I have got something pretty interesting for today's writeup. Infact I don't think anyone has attempted to quantify this particular aspect of processors before, so we will be treading on largely uncharted territory. As with most of the unorthodox hardware content we publish, this one was sourced from DG Lee, someone that pretty much everyone in the pc hardware community knows by now.
Credit @Parkoz Hardware
Level 3 cache on modern Intel and AMD CPUs boosts gaming performance by upto ~10%
Before we begin I think a general recap on caches is in order. Those who want to get to the benchmarks directly can skip the first three paragraphs. Caches are probably one of the most underrated instances of memory in a computer system. A potential gamer looking to build a rig would inquire about cores, ram, gpu, even architecture but very rarely about cache. Just because it is usually not given the spot light and is condemned to the life of fine print, does not make it is any less important than the actual cores themselves. A modern commercial processor has 3 cache levels basically.

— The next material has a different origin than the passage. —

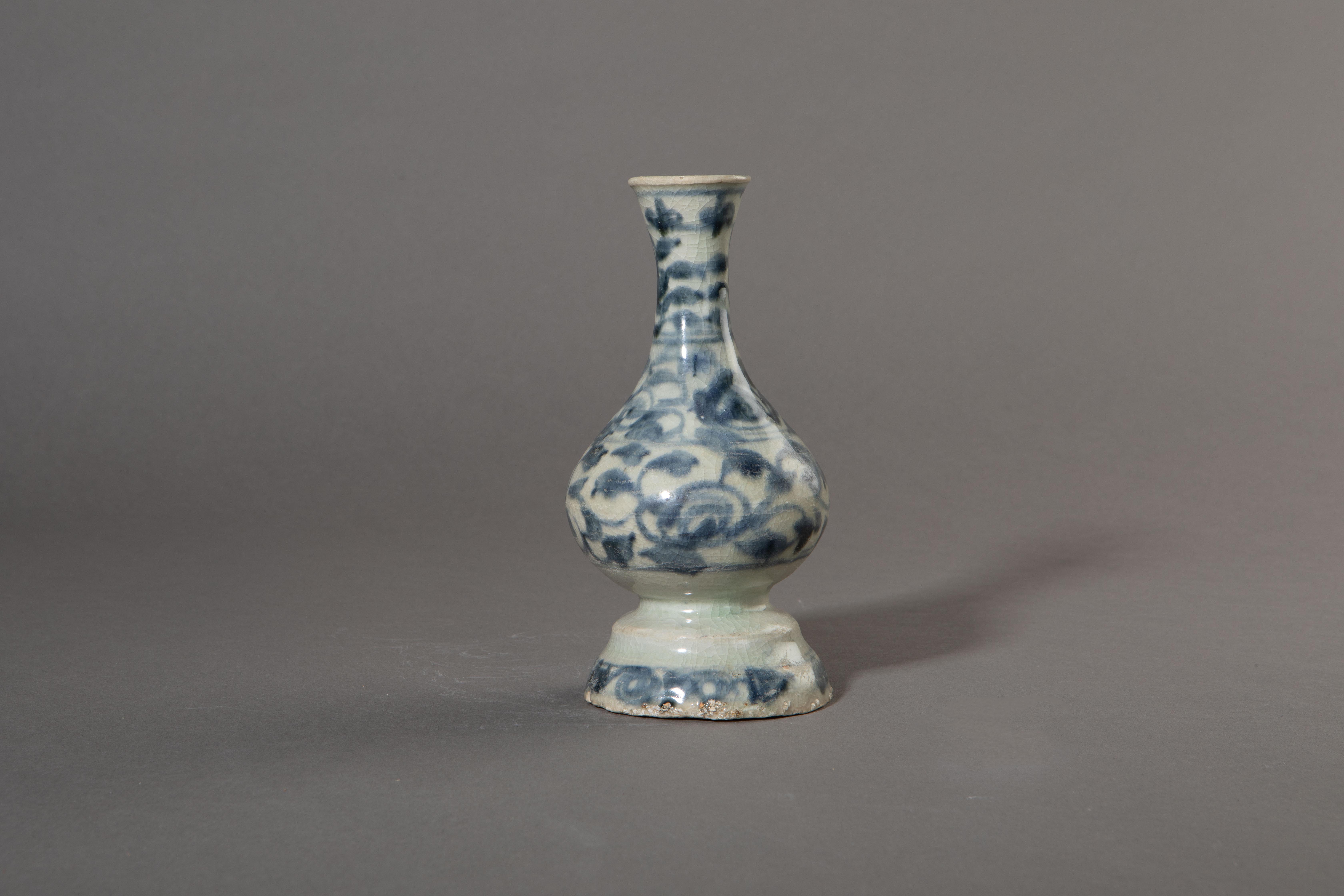 这是一件明代万历年间的漳州窑青花缠枝花卉纹瓷净瓶,口径3.9厘米、底径8.1厘米、高17厘米,由发掘出土。此件文物为瓷器质地,是明代漳州窑外销瓷的精品之作,展现了明代晚期闽南地区制瓷工艺的独特魅力。净瓶又称胆瓶,最初为佛教供器,用于盛装净水或插花供奉。此瓶造型修长优美,胎质坚密白净,釉色青白莹润。器身以青花精心绘制缠枝花卉纹样,线条流畅自然,构图疏密有致,青花发色浓艳明快,具有典型的明代晚期风格特征。明代晚期,漳州窑瓷器凭借其精湛的工艺和独特的艺术风格,成为海上丝绸之路贸易中的重要商品,远销东南亚、欧洲等地。'南澳1号'沉船等考古发现中就出土了大量类似的漳州窑青花瓷器,见证了当时中国瓷器外销的繁荣景象。这件青花缠枝花卉纹瓷净瓶不仅是研究明代漳州窑制瓷工艺的重要实物资料,也是见证明代中国与海外贸易往来和文化交流的历史见证,具有重要的历史价值和艺术价值。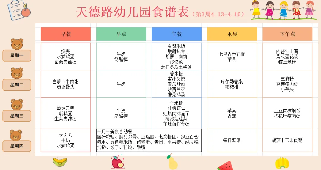 【天德幼·美好“食”光】——南宁市兴宁区天德路幼儿园第七周营养食谱

Cache level 1, Cache level 2 and Cache level 3 (there is an L4 cache too but lets not get into that just now). The short forms of these (as you will undoubtedly know) is L1, L2 and L3 caches. However, while L1 and L2 caches are dedicated per core and are somewhat closed off in nature, an L3 cache is the general pool of memory that all cores share. Every core inside the modern multi-core processor has its own L1 and L2 cache but there is only one L3 per (entire) die. In terms of speed, you are looking at an ascending order and conventionally L1 is the fastest with L2 slower and so on. However, in recent times, the sped difference between the levels has closed, as the Industry shifts to a more unified-style architecture. In some cases, the L3 cache can even be utilized by an integrated GPU (case and point: Intel). An illustration of Haswell's die layout is attached below:
The question then arises that why don't we simply use a big enough L1 Cache for all cores in the first place? or a fast enough L3 cache only for all cores?. The answer to that question lies in the delicate balance that the cache levels implement, the more tech savvy of our readers would realize that I am of course talking about cache-latency and hit rate tradeoffs. If you create a very large L1 cache, then firstly, you would be wasting precious die space since very few applications need those kind of speeds and secondly the size itself will result in a lowered hit rate. The L3 cache is one example of this where specialized algorithms make sure that cores use the portion of the L3 closest to them to optimize performance. This is why modern processors implement a very small but very fast L1 cache, a slightly bigger but slower L2 cache and a big but slow L3 cache. Some processors now include eDRAM which is basically an L4 Cache and of an even larger size. Anyways, enough of that, lets get down to the nitty gritties of the benchmarks themselves.
[The slides are courtesy of DG Lee]. As you can see, going up from "2MB L3" to "8MB L3" results in an almost 10% boost depending on how much CPU-Bound the scenario is. In the first slide, where the resolution is low and the primary bottleneck is the processor, going up the L3 sizes raises performance by ~10% while as on 1080p it raises performance by ~8%. This allows us to predict a trend. I would be willing to bet that this margin would be very low on 4K resolution and quite high on multi-gpu configurations. Up next we have AMD slides:
Once again we see a similar trend going up from "No L3" to "8MB L3". The scaling is pretty similar, with the only exception being that the scale here starts from No L3 instead of 2MB L3. It is worth pointing out at this stage that AMD steamroller architecture has a significant difference in cache layout. Where each Intel core has its own and private L1, two AMD cores in one Module share L1 cache between themselves. This accounts for why the scale is slightly different, relatively speaking, amongst different AMD CPUs. To those of you who are wondering, yes DG Lee accounted for the difference in processor cores, clock speeds, etc and mentions them in great detail in his original piece (which I would suggest to read if you can stomach the linguistic mess that is Google Translate).